本文国际来源：http://www.facebook.com/FacebookEngineering#/note.php?note_id=76191543919&ref=mf

Engineering @ Facebook 发布的博文

Needle in a haystack: efficient storage of billions of photos

NFS photo infrastructure

The old photo infrastructure consisted of several tiers:

• Upload tier receives users’ photo uploads, scales the original images and saves them on the NFS storage tier.
• Photo serving tier receives HTTP requests for photo images and serves them from the NFS storage tier.
• NFS storage tier built on top of commercial storage appliances.

Since each image is stored in its own file, there is an enormous amount of metadata generated on the storage tier due to the namespace directories and file inodes. The amount of metadata far exceeds the caching abilities of the NFS storage tier, resulting in multiple I/O operations per photo upload or read request. The whole photo serving infrastructure is bottlenecked on the high metadata overhead of the NFS storage tier, which is one of the reasons why Facebook relies heavily on CDNs to serve photos. Two additional optimizations were deployed in order to mitigate this problem to some degree:

• Cachr: a caching server tier caching smaller Facebook “profile” images.
• NFS file handle cache – deployed on the photo serving tier eliminates some of the NFS storage tier metadata overhead

Haystack Photo Infrastructure

The new photo infrastructure merges the photo serving tier and storage tier into one physical tier. It implements a HTTP based photo server which stores photos in a generic object store called Haystack. The main requirement for the new tier was to eliminate any unnecessary metadata overhead for photo read operations, so that each read I/O operation was only reading actual photo data (instead of filesystem metadata).
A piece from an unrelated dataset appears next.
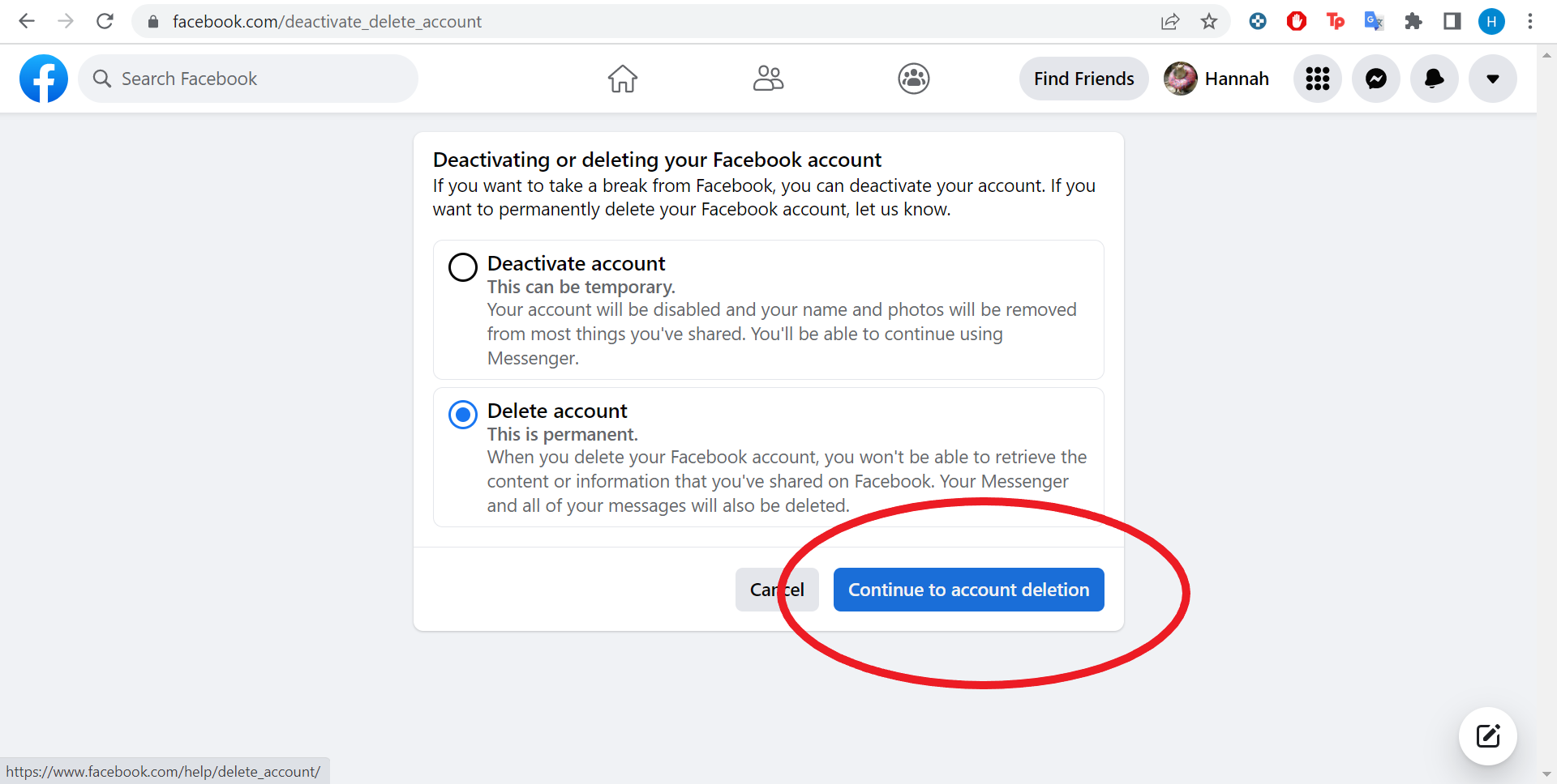 Jos poistat koko Facebook-tilin, myös Messenger-tili yleensä katoaa sen mukana.

Haystack can be broken down into these functional layers -

• HTTP server
• Photo Store
• Haystack Object Store
• Filesystem
• Storage

In the following sections we look closely at each of the functional layers from the bottom up.

Storage

Haystack is deployed on top of commodity storage blades. The typical hardware configuration of a 2U storage blade is –

• 2 x quad-core CPUs
• 16GB – 32GB memory
• hardware raid controller with 256MB – 512MB of NVRAM cache
• 12+ 1TB SATA drives

Each storage blade provides around 10TB of usable space, configured as a RAID-6 partition managed by the hardware RAID controller. RAID-6 provides adequate redundancy and excellent read performance while keeping the storage cost down. The poor write performance is partially mitigated by the RAID controller NVRAM write-back cache. Since the reads are mostly random, the NVRAM cache is fully reserved for writes. The disk caches are disabled in order to guarantee data consistency in the event of a crash or a power loss.

Filesystem

Haystack object stores are implemented on top of files stored in a single filesystem created on top of the 10TB volume.

Photo read requests result in read() system calls at known offsets in these files, but in order to execute the reads, the filesystem must first locate the data on the actual physical volume. Each file in the filesystem is represented by a structure called an inode which contains a block map that maps the logical file offset to the physical block offset on the physical volume. For large files, the block map can be quite large depending on the type of the filesystem in use.

Block based filesystems maintain mappings for each logical block, and for large files, this information will not typically fit into the cached inode and is stored in indirect address blocks instead, which must be traversed in order to read the data for a file. There can be several layers of indirection, so a single read could result in several I/Os depending on whether or not the indirect address blocks are cached.

Extent based filesystems maintain mappings only for contiguous ranges of blocks (extents). A block map for a contiguous large file could consist of only one extent which would fit in the inode itself. However, if the file is severely fragmented and its blocks are not contiguous on the underlying volume, its block map can grow large as well. With extent based filesystems, fragmentation can be mitigated by aggressively allocating a large chunk of space whenever growing the physical file.

Currently, the filesystem of choice is XFS, an extent based filesystem providing efficient file preallocation.

Haystack Object Store

Haystack is a simple log structured (append-only) object store containing needles representing the stored objects. A Haystack consists of two files – the actual haystack store file containing the needles, plus an index file. The following figure shows the layout of the haystack store file:

Haystack Write Operation

A Haystack write operation synchronously appends new needles to the haystack store file. After the needles are committed to the larger Haystack store file, the corresponding index records are then written to the index file. Since the index file is not critical, the index records are written asynchronously for faster performance.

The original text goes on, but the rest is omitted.